** Opening RECORDS FOR THE EXERCISE block **
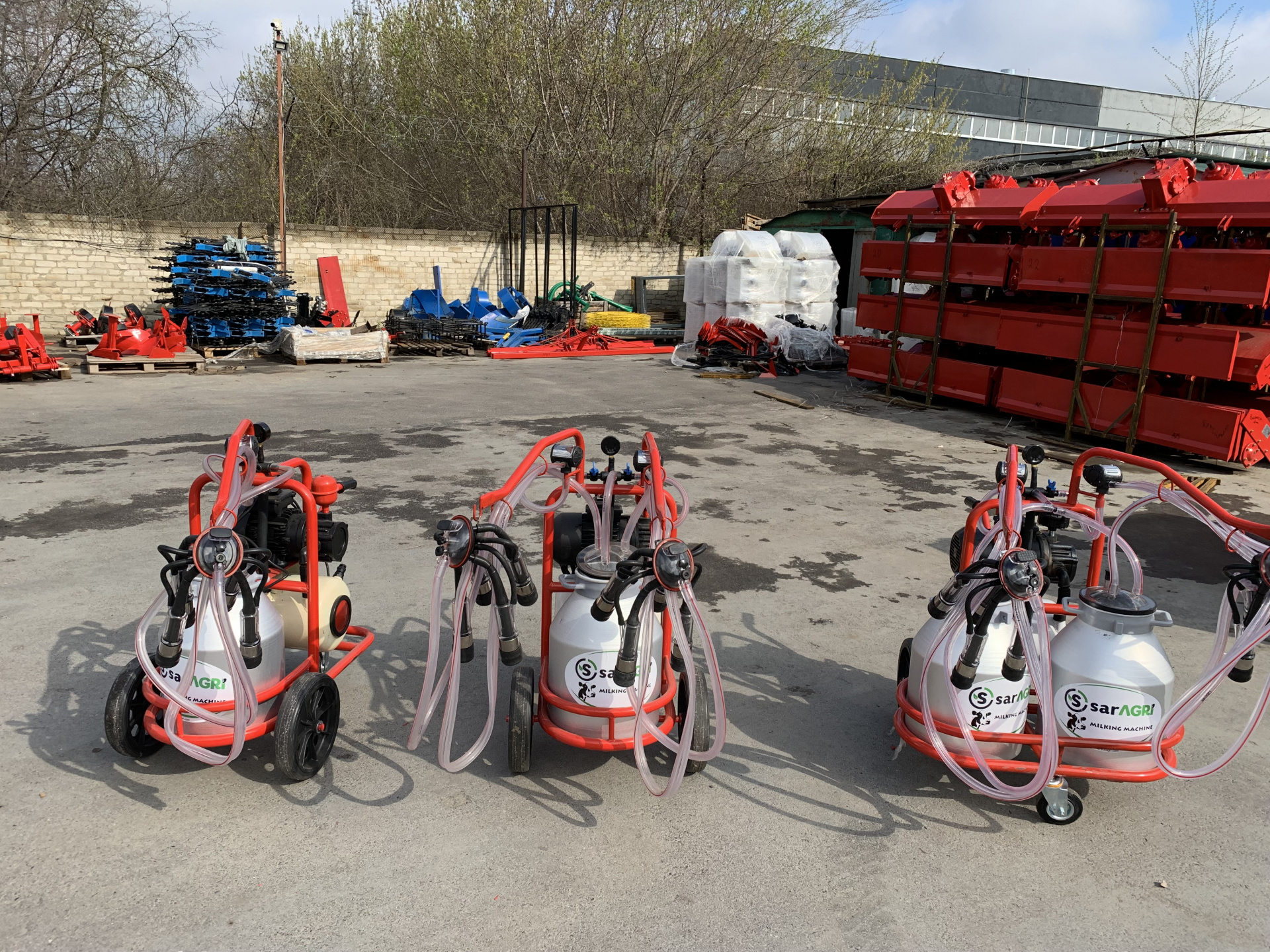 Доильные Аппараты производятся следующих видов: 1 бидон 1 пульсатор, 1 бидон 2 пульсатора, 2 бидона 2 пульсатора. Бидоны производятся из алюминия. Прост в использовании, надежный, компактный и мобильный доильный аппарат с объемом 30 литров. Незаменим для малых фермерских хозяйств, где нет необходимости устанавливать стационарный доильный зал.
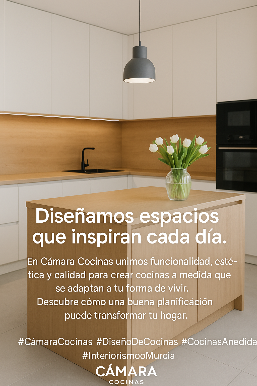 En Cámara Cocinas llevamos más de 45 años diseñando y fabricando cocinas a medida en Murcia, Orihuela y Santomera, con una filosofía clara: ofrecer calidad sin concesiones. No trabajamos con catálogos cerrados, sino con ideas únicas que nacen del diálogo con cada cliente.
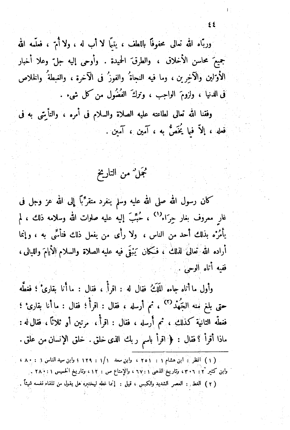 (1) انظر: ابن هشام 1: 251، وابن سعد 1 / 1: 129؛ وابن سيد الناس 1: 80، وابن كثير 2: 306، وتاريخ الذهبي 1: 67، والإمتاع ص: 12، وتاريخ الخميس 1: 280.
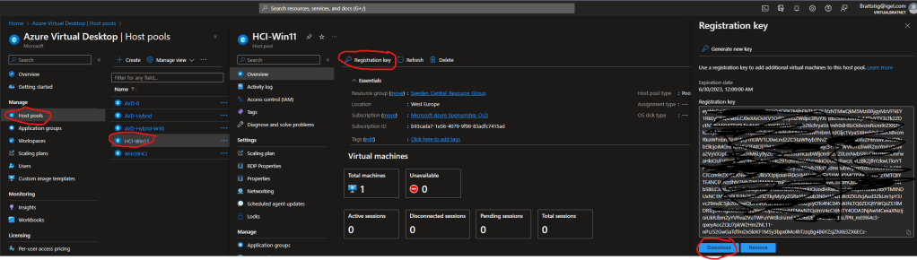 When the two files are downloaded to your VM, let’s create the host pool for your Azure Stack HCI VMs so that they can serve as AVD workloads. Open https://portal.azure.com and navigate to “Azure Virtual Desktop” then create a new host pool. Walk through the “Create a new host-pool wizard”, but do not create any VMs. When the host pool is created, open it, select “Registration Key”, create a new key, and then click “Download” – transfer the downloaded file (or copy its content) to the newly created VM.
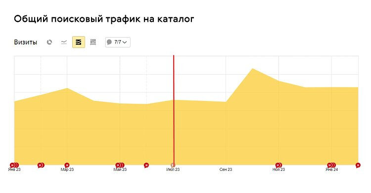 Если сравнивать январь 2023 с январём 2024 года, то общий поисковый трафик на весь каталог вырос на 23 %. А поисковый трафик на каталог «Туризм» вырос на 63 %.
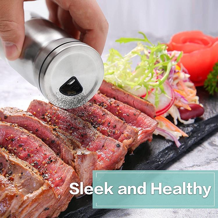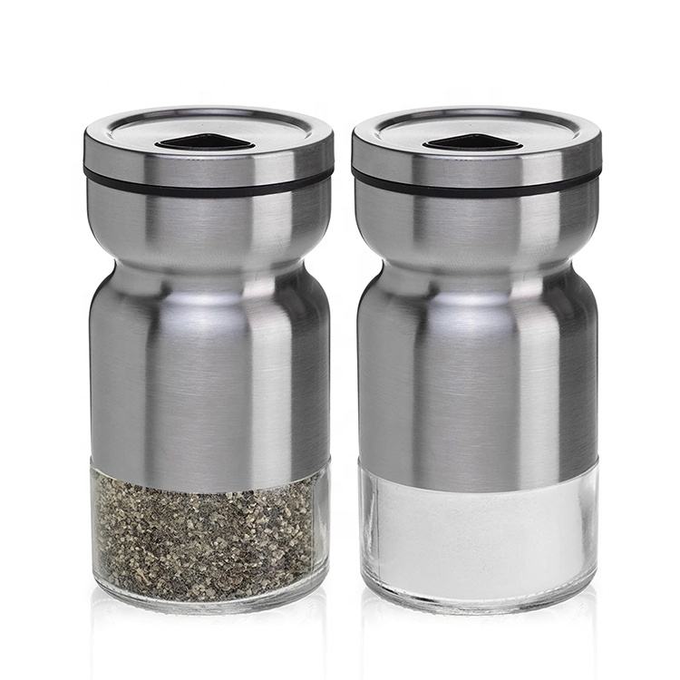 Ensemble salière et poivrière en acier inoxydable avec logo personnalisé contenant alimentaire distributeur d'épices pot pour le stockage échantillon gratuit
** Closing RECORDS FOR THE EXERCISE block **
Find the line containing "(1) انظر: ابن" in the records above, then copy it and every line after it exactly, through the last one, without any pictures.

WORKED SOLUTION:
 (1) انظر: ابن هشام 1: 251، وابن سعد 1 / 1: 129؛ وابن سيد الناس 1: 80، وابن كثير 2: 306، وتاريخ الذهبي 1: 67، والإمتاع ص: 12، وتاريخ الخميس 1: 280.
 When the two files are downloaded to your VM, let’s create the host pool for your Azure Stack HCI VMs so that they can serve as AVD workloads. Open https://portal.azure.com and navigate to “Azure Virtual Desktop” then create a new host pool. Walk through the “Create a new host-pool wizard”, but do not create any VMs. When the host pool is created, open it, select “Registration Key”, create a new key, and then click “Download” – transfer the downloaded file (or copy its content) to the newly created VM.
 Если сравнивать январь 2023 с январём 2024 года, то общий поисковый трафик на весь каталог вырос на 23 %. А поисковый трафик на каталог «Туризм» вырос на 63 %.
 Ensemble salière et poivrière en acier inoxydable avec logo personnalisé contenant alimentaire distributeur d'épices pot pour le stockage échantillon gratuit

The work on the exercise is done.